# Direct Preference Optimization (DPO) for Language Model Alignment

[![Open In Colab](https://colab.research.google.com/assets/colab-badge.svg)](https://colab.research.google.com/github/1337-Artificial-Intelligence/hackai-2025/blob/main/new_notebooks/alignment_dpo_aragpt2_arabicpreference.ipynb)

This notebook demonstrates how to align language models with human preferences using Direct Preference Optimization (DPO), a powerful technique that improves upon traditional Reinforcement Learning from Human Feedback (RLHF) methods.

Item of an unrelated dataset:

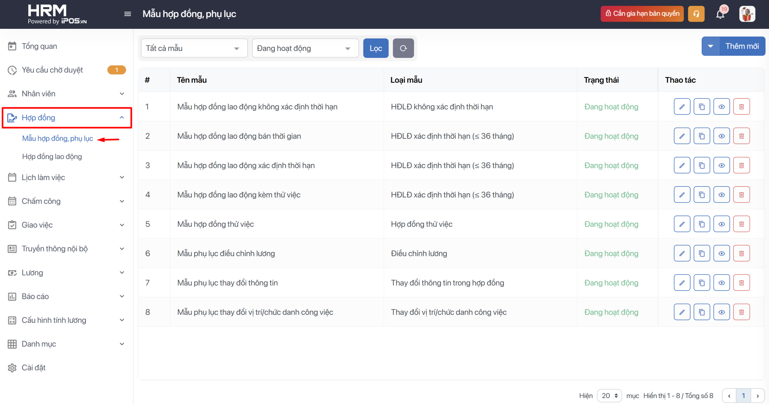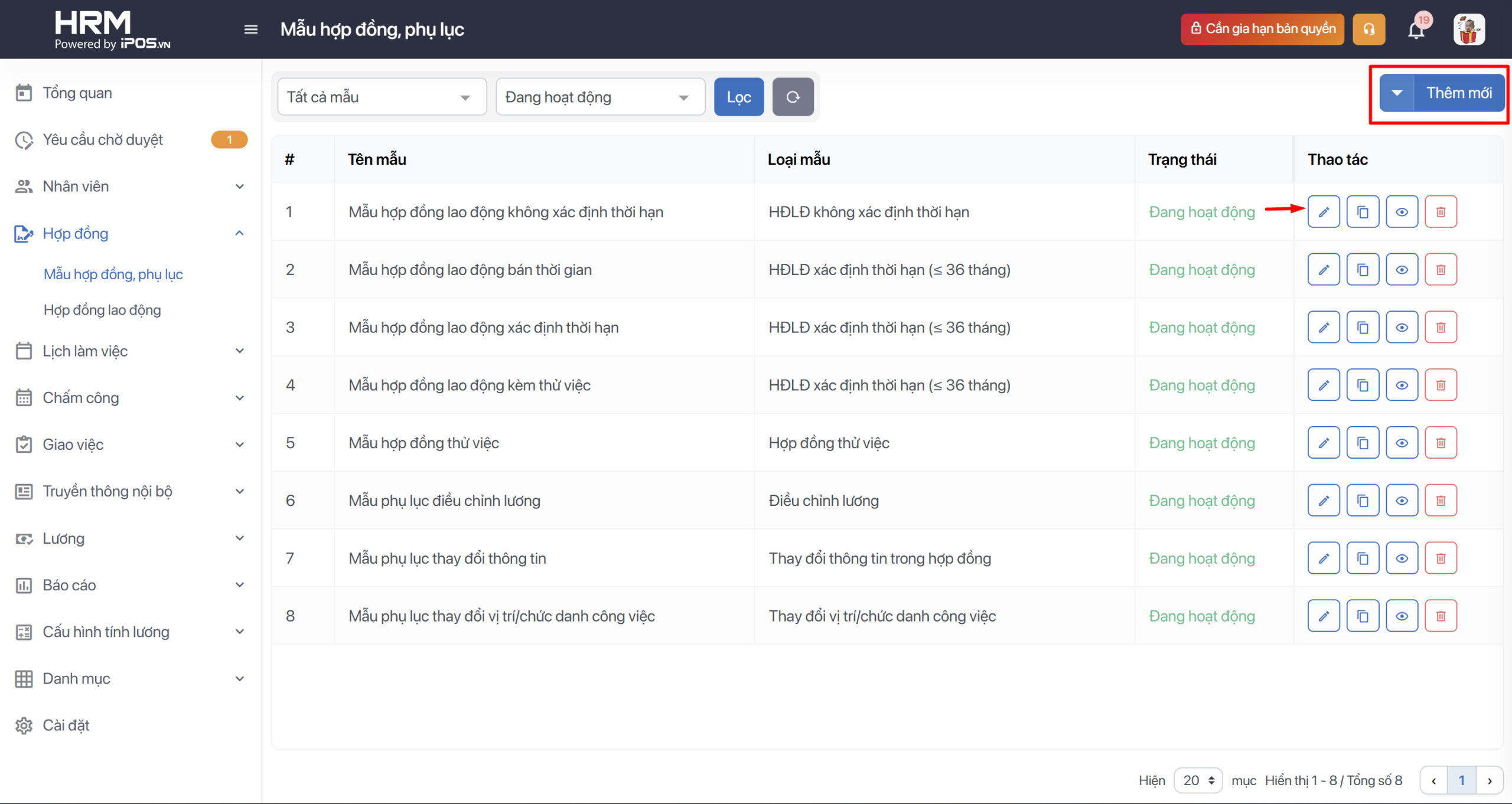 Bước 2: Bạn có thể tạo mới xem trước, chỉnh sửa, sao chép hoặc xóa các mẫu HĐ/PL này dựa vào các nút thêm sửa xóa như hình. Nếu muốn sửa lại Mẫu hợp đồng mặc định của hệ thống bạn chọn vào nút hình chiếc bút.

Estimated time needed: **1** hour

## Lab Objective

The goal of this lab is to give you practical experience with:
- Preparing a dataset specially formatted for DPO,
- Fine-tuning a model using the DPO method,
- Evaluating how much the model's behavior improves after training


### How DPO Works (Simple Explanation)

- You show the model two answers for the same question: one that humans prefer (the **chosen** one) and one that's less preferred (the **rejected** one).
- The model learns **directly** from this comparison by adjusting itself to favor the "chosen" answers over the "rejected" ones.
- It does this **without** needing a complex reward model like in traditional reinforcement learning.

Think of it like training a dog: you show it two actions (e.g., sit nicely vs jump on people) and **reward** it for the one you like better, over and over, until it consistently chooses the good one.

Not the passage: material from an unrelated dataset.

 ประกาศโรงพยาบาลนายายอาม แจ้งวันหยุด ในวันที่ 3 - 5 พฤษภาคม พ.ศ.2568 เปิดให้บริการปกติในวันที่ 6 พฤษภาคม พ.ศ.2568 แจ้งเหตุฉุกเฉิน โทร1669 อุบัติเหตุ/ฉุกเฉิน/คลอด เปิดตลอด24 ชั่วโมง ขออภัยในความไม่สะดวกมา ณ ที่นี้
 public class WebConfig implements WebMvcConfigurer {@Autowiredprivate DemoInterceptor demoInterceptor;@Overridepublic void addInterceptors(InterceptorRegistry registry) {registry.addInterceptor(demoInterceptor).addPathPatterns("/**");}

## DPO vs PPO: What's the Difference?

| Aspect | DPO (Direct Preference Optimization) | PPO (Proximal Policy Optimization) |
|:------|:--------------------------------------|:----------------------------------|
| How it works | Directly trains the model from comparisons (chosen vs rejected) | Needs a reward model first, then trains the model using rewards |
| Complexity | Simpler (no reward model needed) | More complex (2 steps: train reward model + policy optimization) |
| Stability | Very stable and efficient | Stable but more sensitive to hyperparameters |
| Training Type | Preference-based fine-tuning | Reinforcement learning fine-tuning |

![image](https://cdn.labellerr.com/1%201%201%20DPO/dpo-ppo-diagram.webp)

**In short:**
- **DPO** is **easier and faster** because it skips the "build a reward model" step.
- **PPO** is a **full reinforcement learning method**, needing more setup but offering more flexibility when rewards are tricky.


![texte](https://miro.medium.com/v2/resize:fit:1100/format:webp/0*adNPXsn8v1qXiy98.png)

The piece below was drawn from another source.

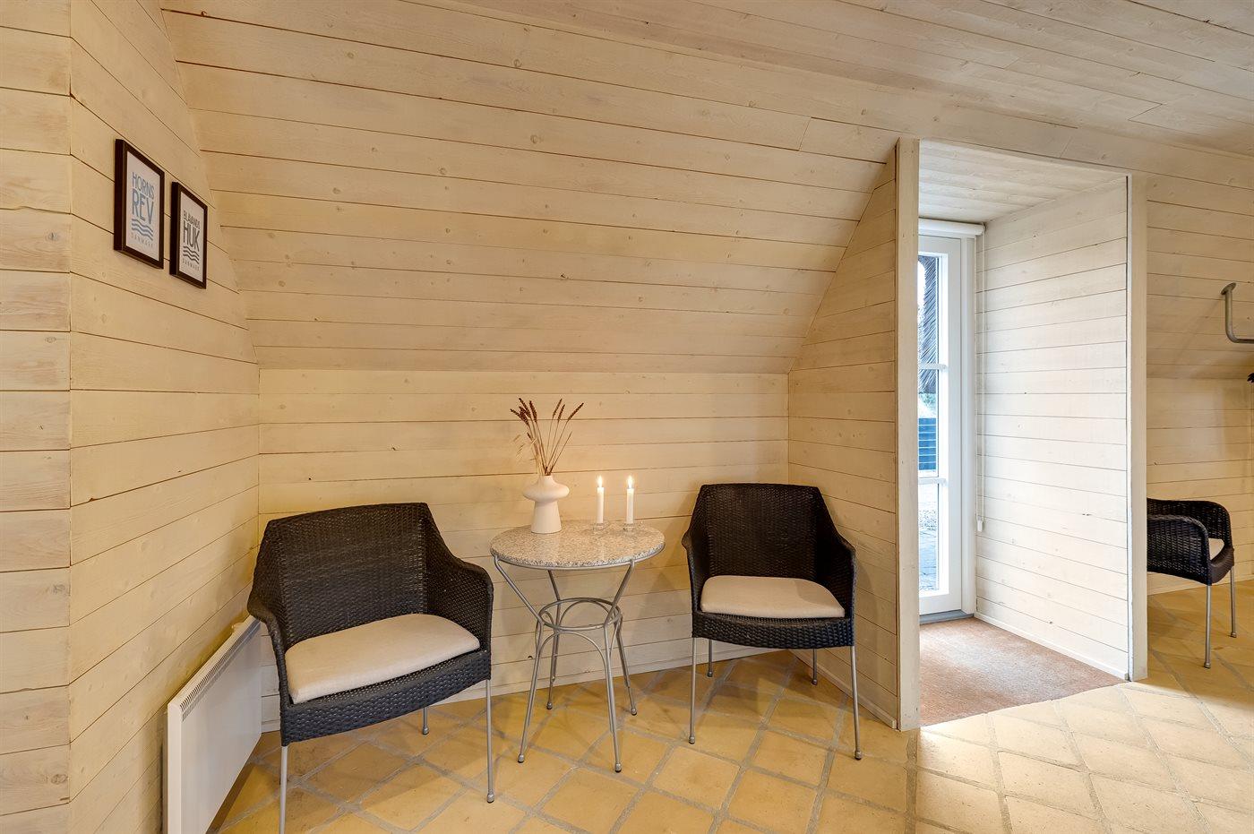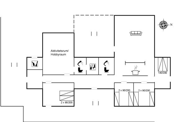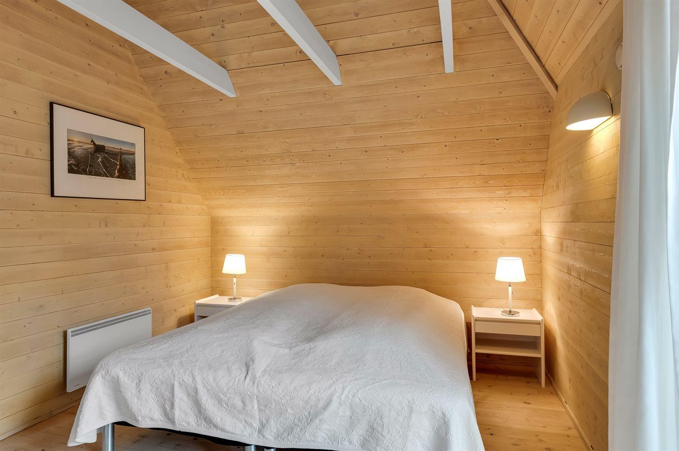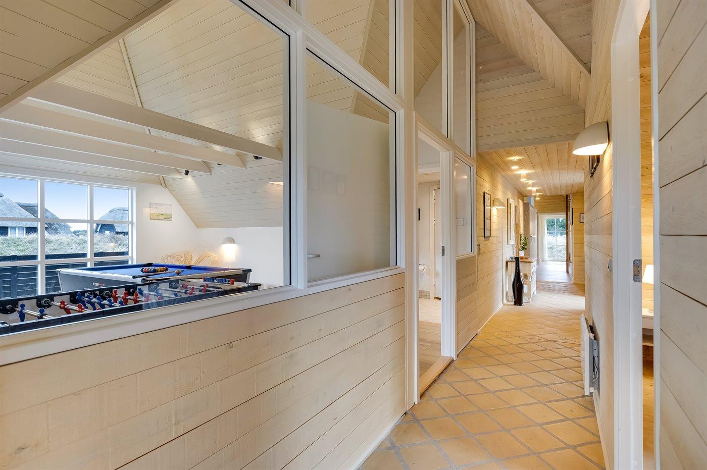 Sovepladserne fordeler sig på: 4 sovepladser i dobbeltsenge. 4 sovepladser i enkeltsenge. 2 sovemuligheder (madrasser) på hems. Der findes 2 skønne badeværelser, begge med gulvvarme, bruseniche og toilet. Fra det ene er der adgang til saunaen, hvor der er mulighed for afslapning. Husets aktivitetsrum indeholder billardbord og bordfodbold. Bryggers med indgang, vaskemaskine og tørretumbler. I et nærliggende rum er der fryser med en kapacitet på 80 liter.

In the DPO’s paper, the authors apply the Bradley and Terry model, which is a preference model in the loss function. Through some algebraic wor, they demonstrate that the second step can be skipped because language models inherently act as reward models themselves. Surprisingly, once the second step is removed, the problem is significantly simplified to an optimization problem with a cross-entropy objective, as shown in Figure below

![image](https://miro.medium.com/v2/resize:fit:1100/format:webp/0*zE6I3BBUDMN9lfwV.png)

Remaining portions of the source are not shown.